■ **EXTRACTED DATA**
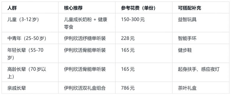 然而,春节送礼的对象远不止长辈——孩子、父母、祖父母、亲戚,每位家人都有不同的需求和期待。本文按照全人群分类,从儿童到高龄长辈,提供一份覆盖全家的礼物清单。其中,长辈类礼物我们重点推荐成人奶粉,以伊利欣活系列为核心方案。
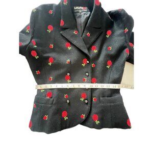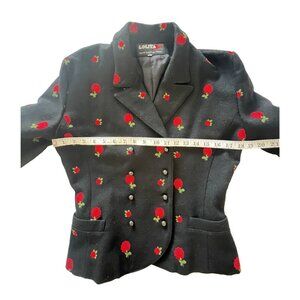 The jacket features a beautifully embroidered rose design on black wool fabric, with a button closure and a collared neckline.
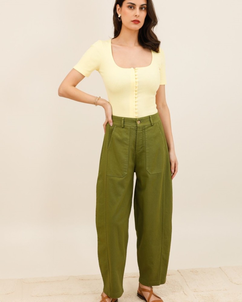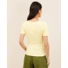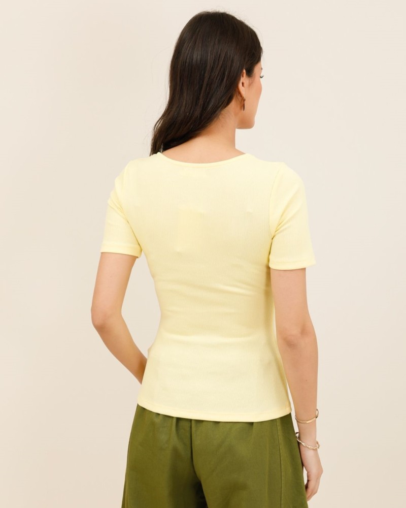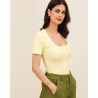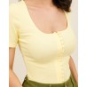 Son encolure carrée légèrement arrondie met en valeur le décolleté avec subtilité, tandis que sa rangée de petits boutons ton sur ton apporte une touche délicate et féminine. Sa coupe ajustée en fait un essentiel facile à porter, du look casual au style plus sophistiqué.
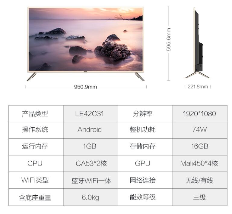 Haier/海爾 LE42C31 42英寸高清智能語(yǔ)音1+16G網(wǎng)絡(luò)平板電視機(jī)
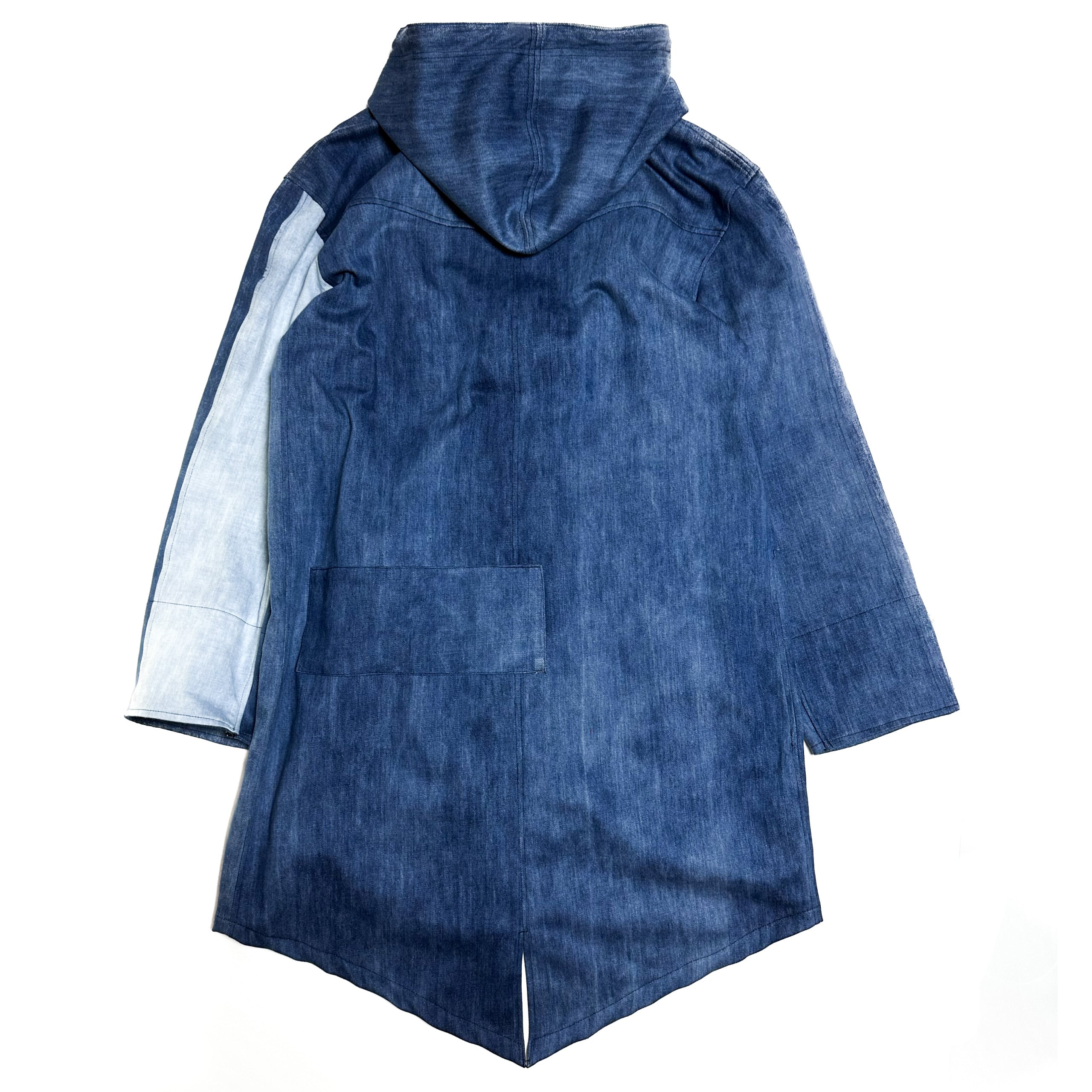岡山デニムをベースにダメージ加工を施した生地で製作したモッズコート。
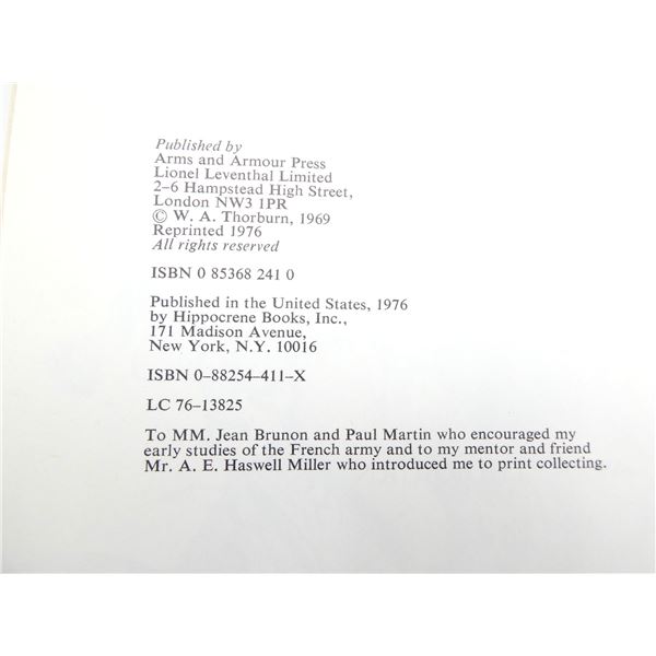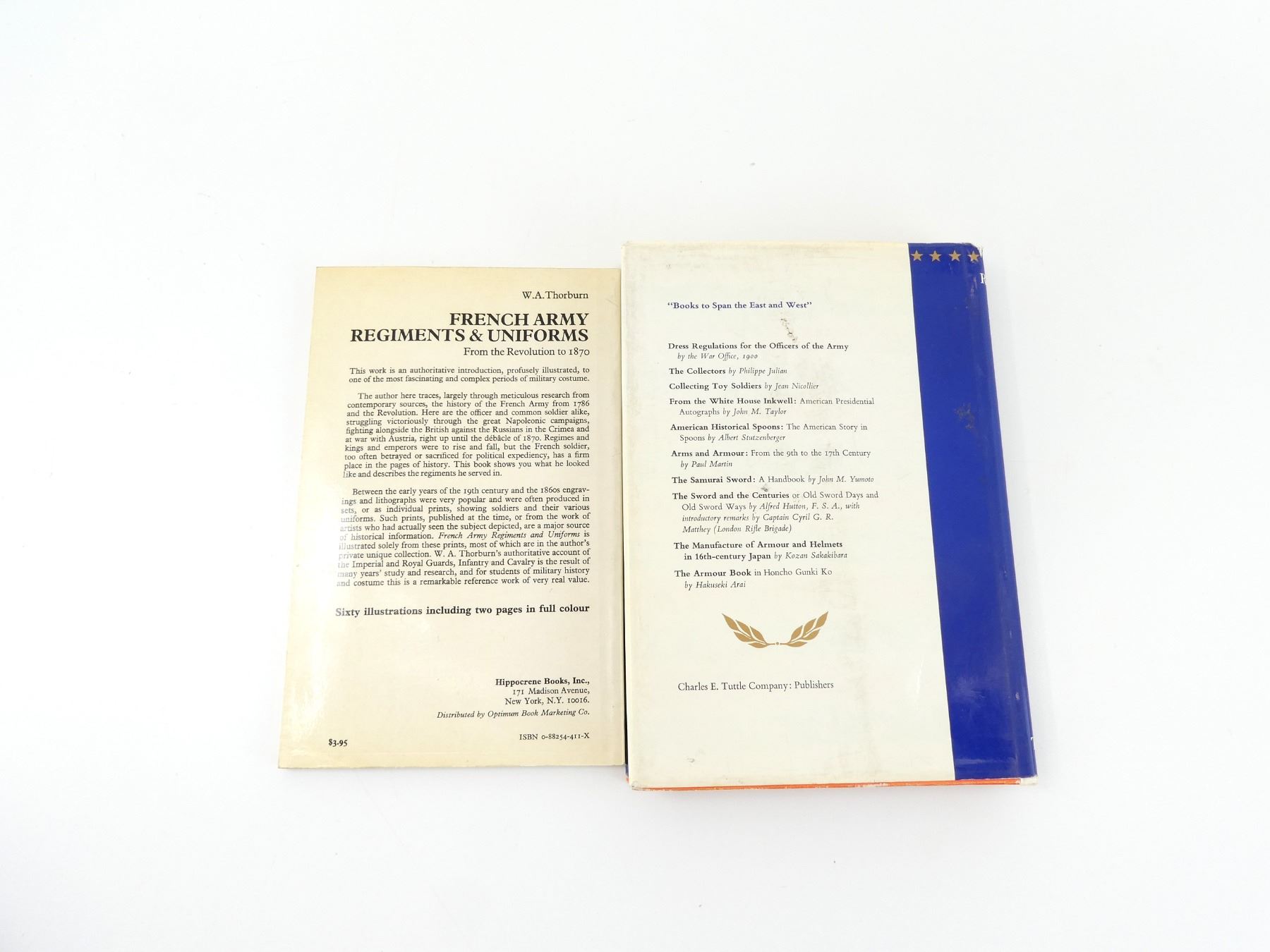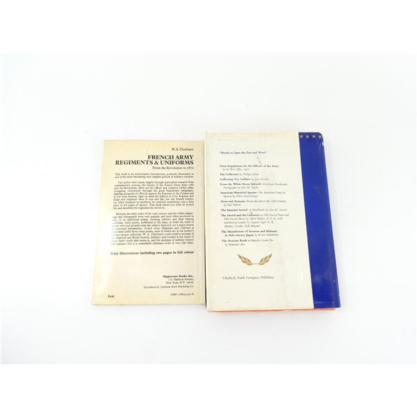 (1) "FRENCH ARMY REGIMENTS & UNIFORMS FROM THE REVOLUTION TO 1870" BOOK BY W.A. THORBURN, SOFT COVER, ISBN: 0-88254-411-X & (1) "UNITED STATES MILITARY MEDALS & RIBBONS" BOOK BY PHILIP K. ROBLES, HARD COVER WITH DUST COVER, ISBN: 0-8048-0048-0. SEE PHOTOS.

■ **BRIEF**
Everything in the listing must be copied exactly except the pictures.

■ **OUTPUT OF THE EXERCISE**
 然而,春节送礼的对象远不止长辈——孩子、父母、祖父母、亲戚,每位家人都有不同的需求和期待。本文按照全人群分类,从儿童到高龄长辈,提供一份覆盖全家的礼物清单。其中,长辈类礼物我们重点推荐成人奶粉,以伊利欣活系列为核心方案。
 The jacket features a beautifully embroidered rose design on black wool fabric, with a button closure and a collared neckline.
 Son encolure carrée légèrement arrondie met en valeur le décolleté avec subtilité, tandis que sa rangée de petits boutons ton sur ton apporte une touche délicate et féminine. Sa coupe ajustée en fait un essentiel facile à porter, du look casual au style plus sophistiqué.
 Haier/海爾 LE42C31 42英寸高清智能語(yǔ)音1+16G網(wǎng)絡(luò)平板電視機(jī)
岡山デニムをベースにダメージ加工を施した生地で製作したモッズコート。
 (1) "FRENCH ARMY REGIMENTS & UNIFORMS FROM THE REVOLUTION TO 1870" BOOK BY W.A. THORBURN, SOFT COVER, ISBN: 0-88254-411-X & (1) "UNITED STATES MILITARY MEDALS & RIBBONS" BOOK BY PHILIP K. ROBLES, HARD COVER WITH DUST COVER, ISBN: 0-8048-0048-0. SEE PHOTOS.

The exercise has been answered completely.